---------- Provided data

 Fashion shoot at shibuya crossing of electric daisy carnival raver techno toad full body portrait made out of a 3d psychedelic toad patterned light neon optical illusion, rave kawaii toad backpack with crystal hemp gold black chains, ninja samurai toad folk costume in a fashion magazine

--------------------
---------- Provided data

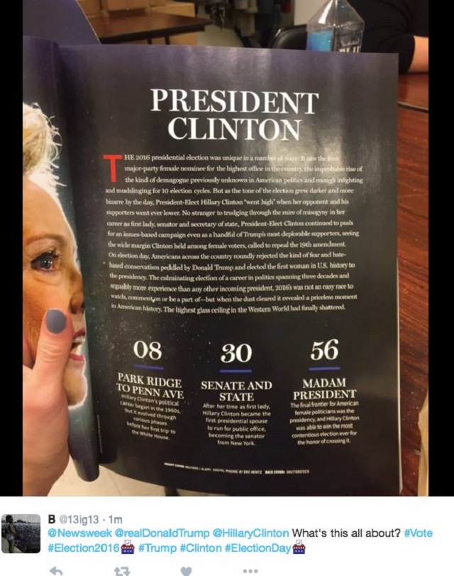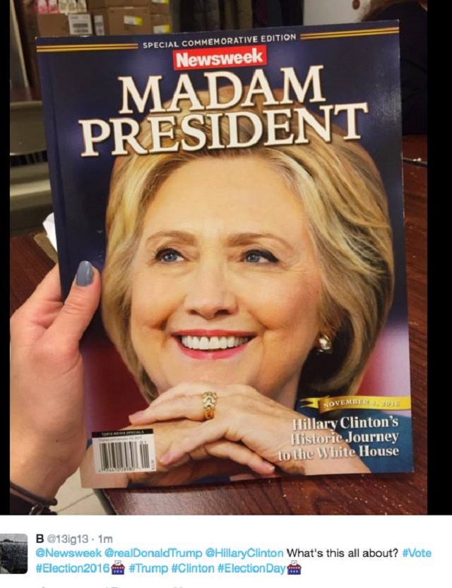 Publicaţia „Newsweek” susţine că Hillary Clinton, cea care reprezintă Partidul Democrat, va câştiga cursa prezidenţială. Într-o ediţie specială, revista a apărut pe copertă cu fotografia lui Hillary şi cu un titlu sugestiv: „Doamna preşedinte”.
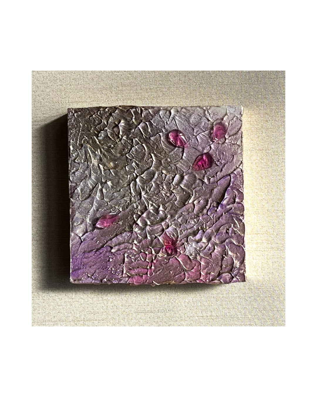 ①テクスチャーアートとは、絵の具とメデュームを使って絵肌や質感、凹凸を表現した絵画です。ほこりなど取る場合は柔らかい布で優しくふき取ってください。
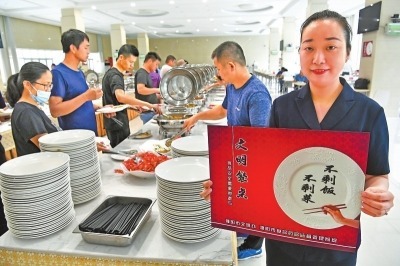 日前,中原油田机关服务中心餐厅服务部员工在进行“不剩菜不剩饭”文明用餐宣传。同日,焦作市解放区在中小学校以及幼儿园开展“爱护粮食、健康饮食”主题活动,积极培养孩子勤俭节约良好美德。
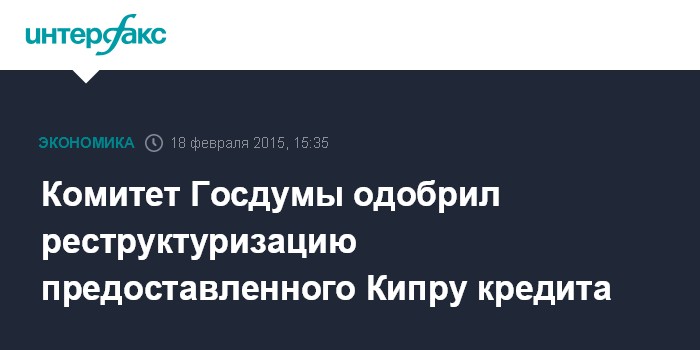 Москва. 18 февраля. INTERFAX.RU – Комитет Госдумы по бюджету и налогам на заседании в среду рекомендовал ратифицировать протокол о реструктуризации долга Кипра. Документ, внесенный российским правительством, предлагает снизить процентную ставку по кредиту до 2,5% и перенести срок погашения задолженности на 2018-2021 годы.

--------------------

▶ **Work instructions**: Please copy the lines above exactly, starting at the line that holds "①テクスチャーアートとは、絵" and ending at the line that holds "日前,中原油田机关服务中心餐"; include both, but no pictures.

▶ **Result for this exercise**:
 ①テクスチャーアートとは、絵の具とメデュームを使って絵肌や質感、凹凸を表現した絵画です。ほこりなど取る場合は柔らかい布で優しくふき取ってください。
 日前,中原油田机关服务中心餐厅服务部员工在进行“不剩菜不剩饭”文明用餐宣传。同日,焦作市解放区在中小学校以及幼儿园开展“爱护粮食、健康饮食”主题活动,积极培养孩子勤俭节约良好美德。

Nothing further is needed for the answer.